Building a Korean ambiguity solver fast enough to skip the GPU: 7,300 words/sec
How Kimchi Reader's Korean ambiguity solver, a 14M-parameter KoELECTRA quantized to int8, ended up running server-side on a plain CPU with no GPU, resolving thousands of word-sense ambiguities per second. The four attempts it took to get there.
The problem
For people who don’t know what Kimchi Reader is: it’s an immersion tool for learning Korean, and the core problem I’m solving is lemmatization, finding the dictionary base form of a word as it appears in real text.
Korean makes this genuinely hard. It’s agglutinative and heavily conjugated, so a single surface form can be the result of many different stems plus stacked particles and endings. My core lemmatizer is written in Rust with a rule-based strategy: it explores every valid way to decompose a word and reports back every possible lemma. It’s reliable, and it’s fast. Easily north of 100k words/s multithreaded.
The one downside: sometimes more than one decomposition is valid, and I end up with ambiguity.
From the user’s perspective this is fine. My users are smart enough to pick the right lemma from context, and I’ve already saved them the work by narrowing it down to a couple of options. The popup shows both; they move on.
But everything aggregated suffers from it. Telling a user they know “x% of this book”, building the recommendation engine, generating frequency lists: all of these have to commit to one lemma per word, and the ambiguity gets in the way every single time.

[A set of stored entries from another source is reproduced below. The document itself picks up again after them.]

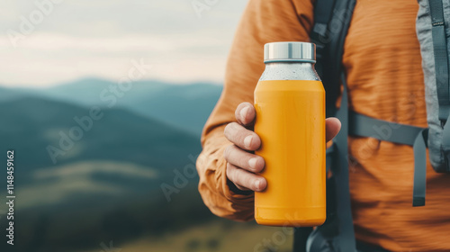 Close-up of a man climber holding a stainless steel water bottle. copy space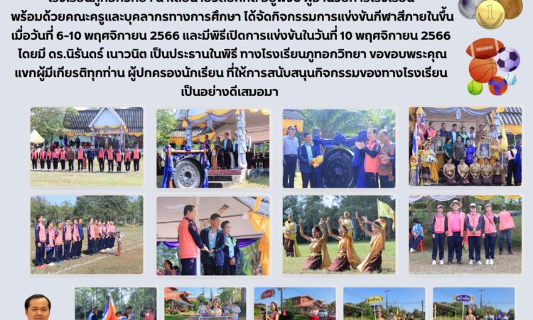 ได้จัดกิจกรรมการแข่งขันกีฬาสีภายในขึ้น เมื่อวันที่ 6-10 พฤศจิกายน 2566 และมีพิธีเปิดการแข่งขันในวันที่ 10 พฤศจิกายน 2566 โดยมี ดร.นิรันดร์ เนาวนิต เป็นประธานในพิธี ทางโรงเรียนภูทอกวิทยา ขอขอบพระคุณแขกผู้มีเกียรติทุกท่าน ผู้ปกครองนักเรียนที่ให้การสนับสนุนกิจกรรมของทางโรงเรียนเป็นอย่างดีเสมอมา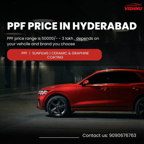 Looking for the PPF price in Hyderabad for your car? Vishnu Car Care offers clear and transparent pricing using trusted, high-quality Paint Protection Films. Pricing is based on your car size, brand selection and coverage type, so you get long-lasting protection and excellent value.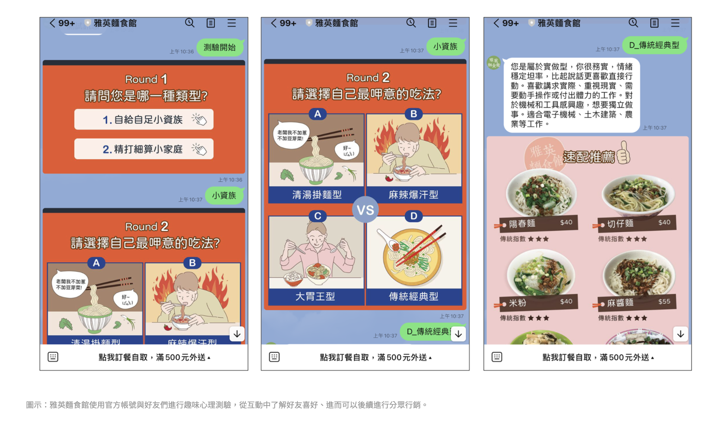 他們利用"分眾+"設計一些心理測驗,然後根據測驗結果給每位顧客貼上不同的標籤,比如「愛點小菜派」或「偏好湯麵派」。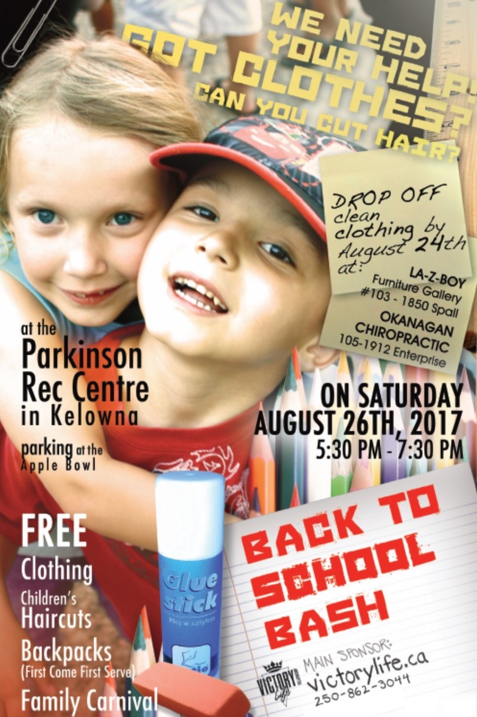 Victory Life hosts the 14th Annual Free Back to School Bash Free Backpacks Free Clothing Free Haircuts Hot dogs Prizes & Gifts Children’s Activities & Live Entertainment Got Clothes? Drop off good quality clean clothing to LaZBoy Furniture or Okanagan Chiropractic Volunteer or Donate: http://www.victorylife.ca or 250-862-3044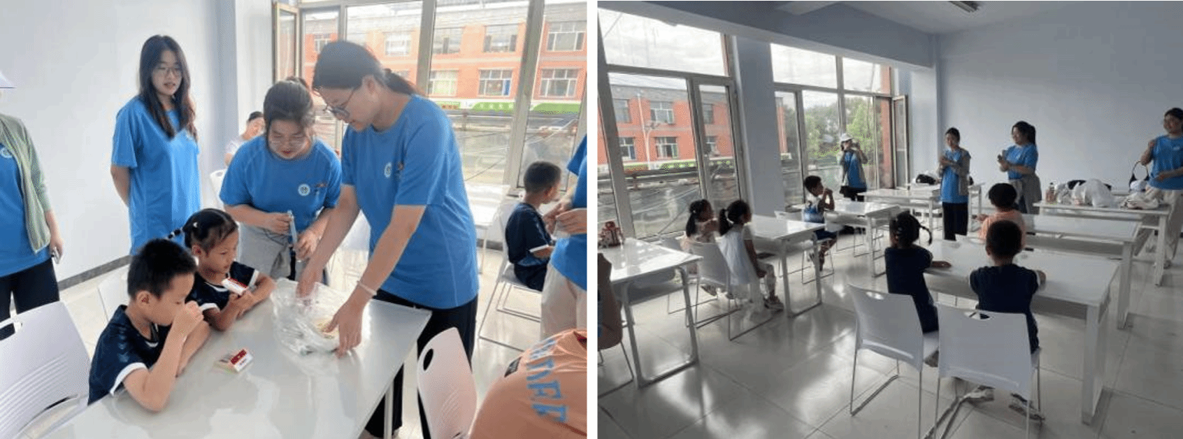 在劳动教育方面,团队与农户共同劳作,开展心理疏导,缓解农忙压力;同时为当地儿童开设趣味实践课堂,寓教于乐。
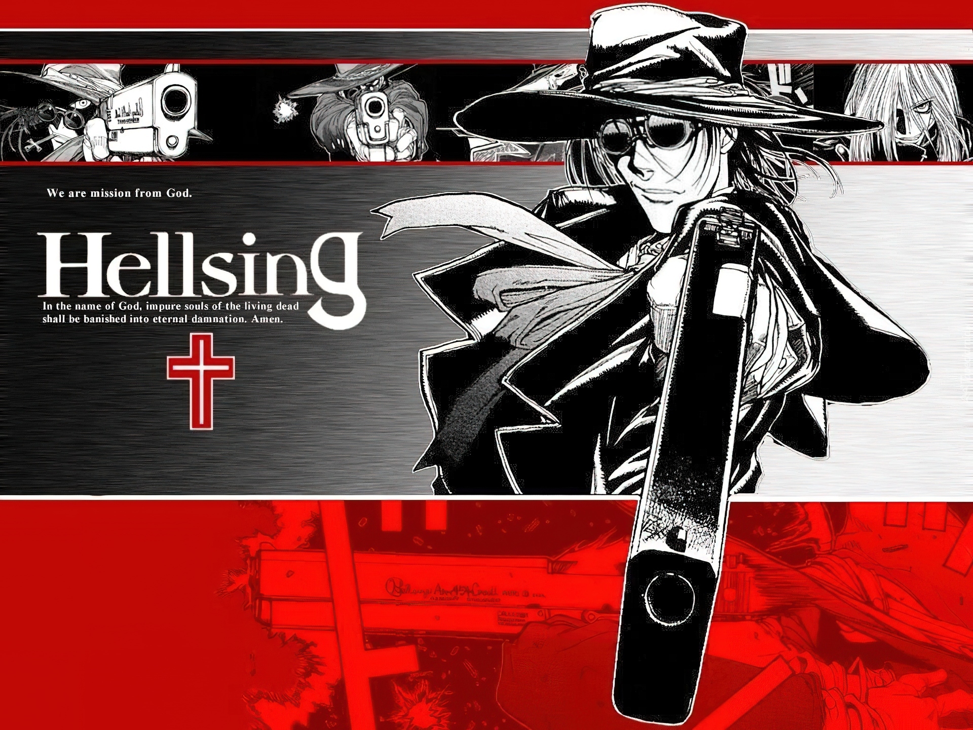Edytor tapety: Hellsing, krzyż, pistolet, postać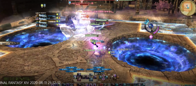 ネクロマンシー(通常の線) 4つの黒い床からネクロボムが出現し、メンバーと線で繋がれる。繋がったメンバーを追いかけ、一定時間後倒れる。なるべく同じ場所に集めておく。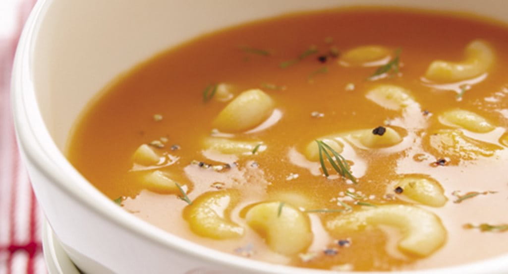 - Reduza a puré com a varinha mágica e quando retomar fervura adicione as massinhas. Mexa e deixe cozinhar mais 10 minutos.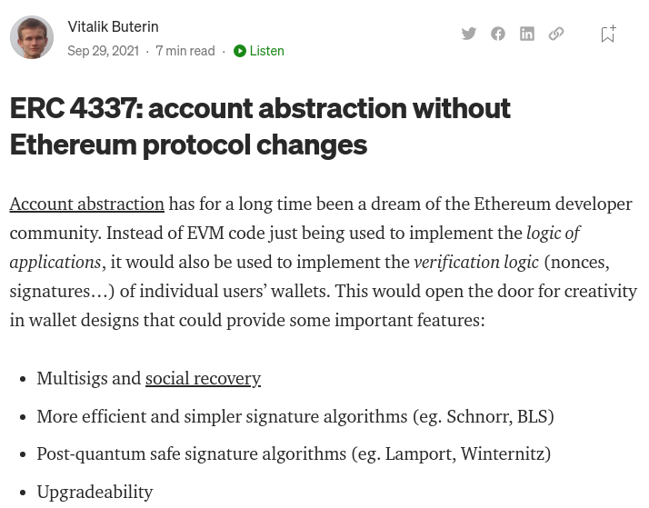更高效、更简单的签名算法,帮助你的账户抵御黑客的攻击,让账户本身具有可升级性。为了实现这些,我们开发出了 ERC 4337 协议。ERC 4337 不是 EIP,它是 ERC,这意味着这不需要去提供技术的基本原理和技术规范。实际上,现在已经可以使用 ERC 4337 来创建账户发送交易了,并且有一个开发人员社区已经在研究 ERC 4337 。期待他们能更快地完善 ERC 4337,你们作为开发者和用户也可以一起加入其中。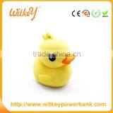 2016 New Cute Gift Yellow Duck Shape Oem PVC Power Bank 2600mah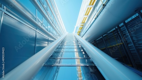 Obraz premium This image shows a modern architectural structure captured from a ground perspective, emphasizing its sleek lines, reflective surfaces, and contemporary style reaching up toward the sky.
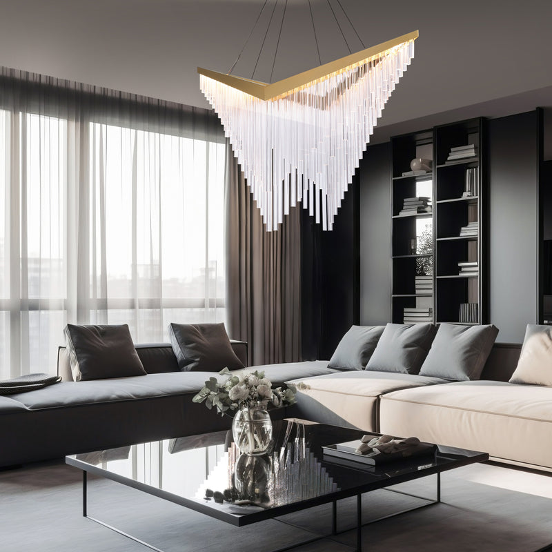 The chevron shape first found note in the heraldic services to the monarchy as proclaimer of news and information. Vivian uses a series of these “V” shapes to present stunning statements of lighting mastery that will instill a space with monarchical glory and timeless elegance.

Two constraints that shaped everything
Before any modeling, two decisions framed the whole search space:
- It has to be absurdly fast. On-the-fly disambiguation isn’t enough. Comprehension stats mean resolving every word in an entire book/movie/novel, ahead of time. A model that’s accurate but slow is useless to me here.
- The model only ever suggests, on top of the deterministic rule engine. I never wanted to replace the rule-based lemmatizer, only to add a layer that picks among the candidates it already produced. This is the design decision that pays off later: the model is handed a closed set of real candidates and forced to choose one. It can’t hallucinate a lemma that doesn’t exist, and since it’s only a suggestion, sub-100% accuracy is fine by design.
The full adventure
2023 to 2024: dreaming about it
In 2023 a friend pointed me at course.fast.ai, Jeremy Howard’s course. At the time I just wanted to learn and have fun. That’s where I got into ML at all, and ran my first finetune. Excellent course, by the way. I’d still recommend it to anyone in 2026.
By 2024 I’d started dreaming, on and off, about a model that could solve ambiguity for my lemmatizer. This is the earliest screenshot I can find of the idea.
Attempt #1 (2025): finetune Gemma 3 1B as a seq2seq task
In 2025 I finally started seriously messing around to see what was possible. Real open models had landed; Gemma 3 was out.
I don’t fully recall how I got there (probably brainstorming with a chatbot), but I started framing disambiguation as a seq2seq task. It felt elegant: seq2seq is just translation. One sentence in language A, the same sentence out in language B. Except here the “languages” were Korean → lemmatized Korean. Then I’d reconcile the output against my lemmatizer wherever they matched.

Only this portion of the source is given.